■ WHAT THE TASK ASKS
Repeat the listing exactly. Any picture in it should be left out of the copy.

■ TASK INPUTS
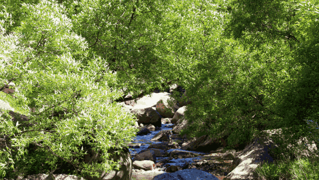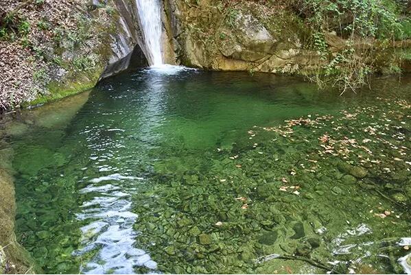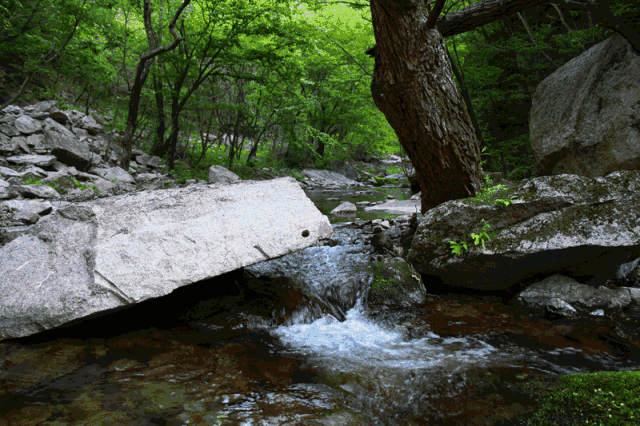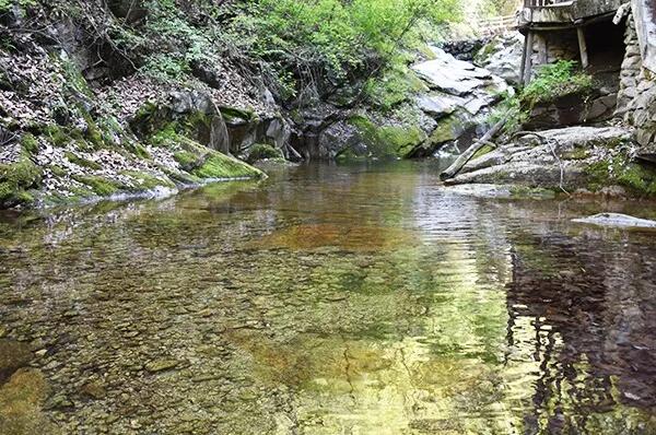 蝴蝶谷海拔1200多米,中間谷底貫穿一條溪流,因谷內(nèi)蝴蝶而得名,古人曾留下“蝶谷游人多好奇,以物擊之散又聚”的絕妙詩句。沿著溪流逆流而上,見的最多就是池潭、泉眼和瀑布,清澈見底,湍流不止。
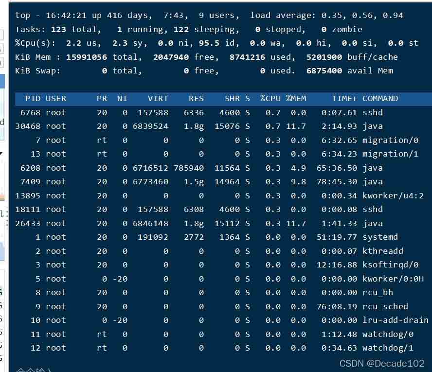 第4、5行为内存信息 第四行 KiB Mem : 15991056 total, 2041988 free, 8744720 used, 5204348 buff/cache 第五行 KiB Swap: 0 total, 0 free, 0 used. 6871932 avail Mem
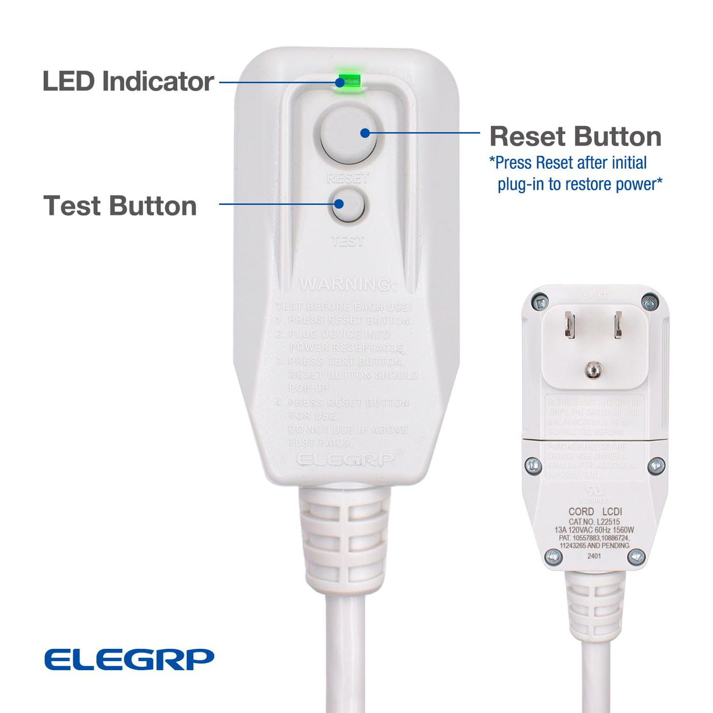 Elegrp L22515 Lcdi Power Cord 7.5Ft Plug Replacement (0651513Ly/L15515) For A/C Air Conditioner, Nema 5-15P Leakage Current Detection Interrupter,120Vac 13Amp 1560W 60Hz, Ul Certified.
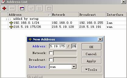 7選IP ---address 點(diǎn)+號添加一個Ip,子網(wǎng)掩碼用10進(jìn)制,比如255.255.255.252就是30 (30個1),接口選wan
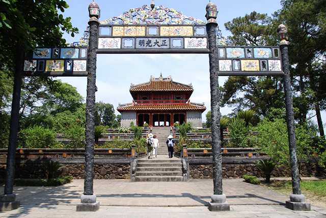 Terletak di tengah-tengah kota Hue, di samping tepian sungai sebelah Utara dari sungai Huong Giang, sistim arsitektur sebagai simbol kekuasaan dari rezim pemerintah pusat pada zaman Dinasti Nguyen yang tetap hidup abadi dalam menghadapi gejolak-gejolak dari waktu dan ruangan. Ibukota kuno Hue di provinsi Thua Thien-Hue sekarang tetap menyimpan warisan-warisan budaya bendawi dan non-bendawi tentang nilai seni arsitektur dan nilai-nilai seni-budaya non-bendawi. Bicara tentang Hue berarti bicara tentang benteng, istana dan kuil yang luar biasa indahnya, mousolium yang megah, situs peninggalan sejarah dan pemandangan alam yang indah. Bicara tentang Hue harus bicara tentang keindahan arsitektur ibukota kerajaan, benteng kerajaan, daerah larangan. Sistim benteng di sini merupakan kombinasi yang harmonis antara intisari Timur dan Barat yang ditempatkan dalam satu pemandangan alam yang indah dengan gunung Ngu Binh, sungai Huong Giang, daerah pasir Gia Vien,daerah Boc Thanh dan lain-lain. Di sebelah Barat ibukota kerajaan yang terletak di tepi sungai Huong Giang, mousolium dari para raja pada zaman dinasti Nguyen dianggap sebagai prestasi-prestasi arsitektur pemandangan alam yang sama sekali membawa cita-cita sendiri di Vietnam. Setiap mousolium raja pada zaman dinasti Nguyen memanifestasikan kehidupan dan karakter dari pemilik yang sedang beristirahat: Mousolium Raja Gia Long yang lugas, tapi megah di tengah-tengah hutan yang berlapis-lapis; mousolium Raja Minh Mang yang megah di tengah-tengah hutan dan danau; mousolium Raja Thieu Tri yang keramat dan sepi di tengah-tengah pesawahan yang luas. Saban tahun, tempat wisata ini telah menyambut datangnya ratusan ribu wisatawan domestik dan mancanegara.
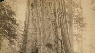 รถม้าลากผ่านส่วนที่ถูกตัดออกจากฐานของต้นซีคัวญ่าขนาดยักษ์ แคลิฟอร์เนีย เมื่อปี 1879
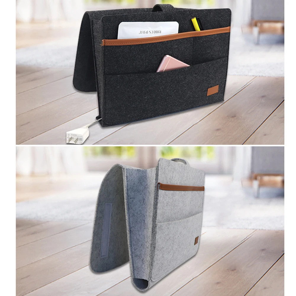 Прикроватный ящик для хранения имеет 1 большой карман и 2 маленьких кармана, и
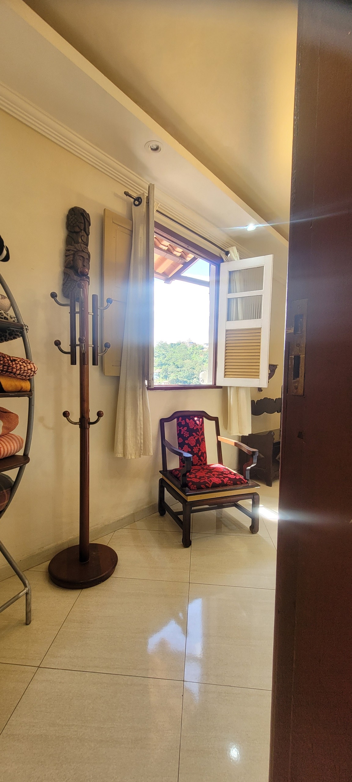 Gudhu, é um tipo de chalé. Suíte equipada com Cooktop, GELADEIRA, SANDUICHEIRA, MICROONDAS, PENELA ELÉT. DE ARROZ, CHALEIRA ELÉT., GARRAFA TÉRMICA, utensílios para alimentação, roupas de cama e banho. A suíte possuí uma entrada privada e outra entrada COMPARTILHADA junto a uma vaga na garagem que, é COMPARTILHADA com mais pessoas. Pode-se estacionar em frente ao espaço caso achem conveniente. Venham conhecer este espaço incrível, com uma vista linda da Serra do Caraça, pista de caminhada...
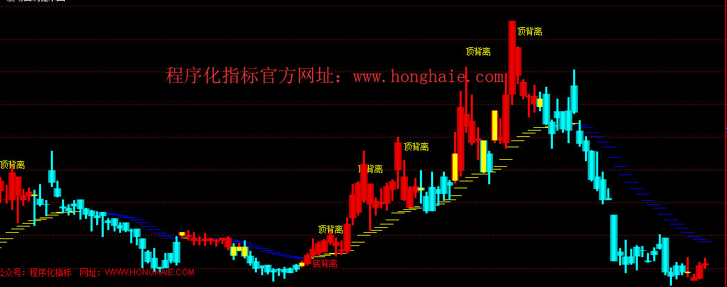 DRAWTEXT_FIX(C>O,0.01,0.9,0,' 微信公众号:程序化指标    网址:WWW.HONGHAIE.COM '),COLORRED;

■ FINISHED TASK
 蝴蝶谷海拔1200多米,中間谷底貫穿一條溪流,因谷內(nèi)蝴蝶而得名,古人曾留下“蝶谷游人多好奇,以物擊之散又聚”的絕妙詩句。沿著溪流逆流而上,見的最多就是池潭、泉眼和瀑布,清澈見底,湍流不止。
 第4、5行为内存信息 第四行 KiB Mem : 15991056 total, 2041988 free, 8744720 used, 5204348 buff/cache 第五行 KiB Swap: 0 total, 0 free, 0 used. 6871932 avail Mem
 Elegrp L22515 Lcdi Power Cord 7.5Ft Plug Replacement (0651513Ly/L15515) For A/C Air Conditioner, Nema 5-15P Leakage Current Detection Interrupter,120Vac 13Amp 1560W 60Hz, Ul Certified.
 7選IP ---address 點(diǎn)+號添加一個Ip,子網(wǎng)掩碼用10進(jìn)制,比如255.255.255.252就是30 (30個1),接口選wan
 Terletak di tengah-tengah kota Hue, di samping tepian sungai sebelah Utara dari sungai Huong Giang, sistim arsitektur sebagai simbol kekuasaan dari rezim pemerintah pusat pada zaman Dinasti Nguyen yang tetap hidup abadi dalam menghadapi gejolak-gejolak dari waktu dan ruangan. Ibukota kuno Hue di provinsi Thua Thien-Hue sekarang tetap menyimpan warisan-warisan budaya bendawi dan non-bendawi tentang nilai seni arsitektur dan nilai-nilai seni-budaya non-bendawi. Bicara tentang Hue berarti bicara tentang benteng, istana dan kuil yang luar biasa indahnya, mousolium yang megah, situs peninggalan sejarah dan pemandangan alam yang indah. Bicara tentang Hue harus bicara tentang keindahan arsitektur ibukota kerajaan, benteng kerajaan, daerah larangan. Sistim benteng di sini merupakan kombinasi yang harmonis antara intisari Timur dan Barat yang ditempatkan dalam satu pemandangan alam yang indah dengan gunung Ngu Binh, sungai Huong Giang, daerah pasir Gia Vien,daerah Boc Thanh dan lain-lain. Di sebelah Barat ibukota kerajaan yang terletak di tepi sungai Huong Giang, mousolium dari para raja pada zaman dinasti Nguyen dianggap sebagai prestasi-prestasi arsitektur pemandangan alam yang sama sekali membawa cita-cita sendiri di Vietnam. Setiap mousolium raja pada zaman dinasti Nguyen memanifestasikan kehidupan dan karakter dari pemilik yang sedang beristirahat: Mousolium Raja Gia Long yang lugas, tapi megah di tengah-tengah hutan yang berlapis-lapis; mousolium Raja Minh Mang yang megah di tengah-tengah hutan dan danau; mousolium Raja Thieu Tri yang keramat dan sepi di tengah-tengah pesawahan yang luas. Saban tahun, tempat wisata ini telah menyambut datangnya ratusan ribu wisatawan domestik dan mancanegara.
 รถม้าลากผ่านส่วนที่ถูกตัดออกจากฐานของต้นซีคัวญ่าขนาดยักษ์ แคลิฟอร์เนีย เมื่อปี 1879
 Прикроватный ящик для хранения имеет 1 большой карман и 2 маленьких кармана, и
 Gudhu, é um tipo de chalé. Suíte equipada com Cooktop, GELADEIRA, SANDUICHEIRA, MICROONDAS, PENELA ELÉT. DE ARROZ, CHALEIRA ELÉT., GARRAFA TÉRMICA, utensílios para alimentação, roupas de cama e banho. A suíte possuí uma entrada privada e outra entrada COMPARTILHADA junto a uma vaga na garagem que, é COMPARTILHADA com mais pessoas. Pode-se estacionar em frente ao espaço caso achem conveniente. Venham conhecer este espaço incrível, com uma vista linda da Serra do Caraça, pista de caminhada...
 DRAWTEXT_FIX(C>O,0.01,0.9,0,' 微信公众号:程序化指标    网址:WWW.HONGHAIE.COM '),COLORRED;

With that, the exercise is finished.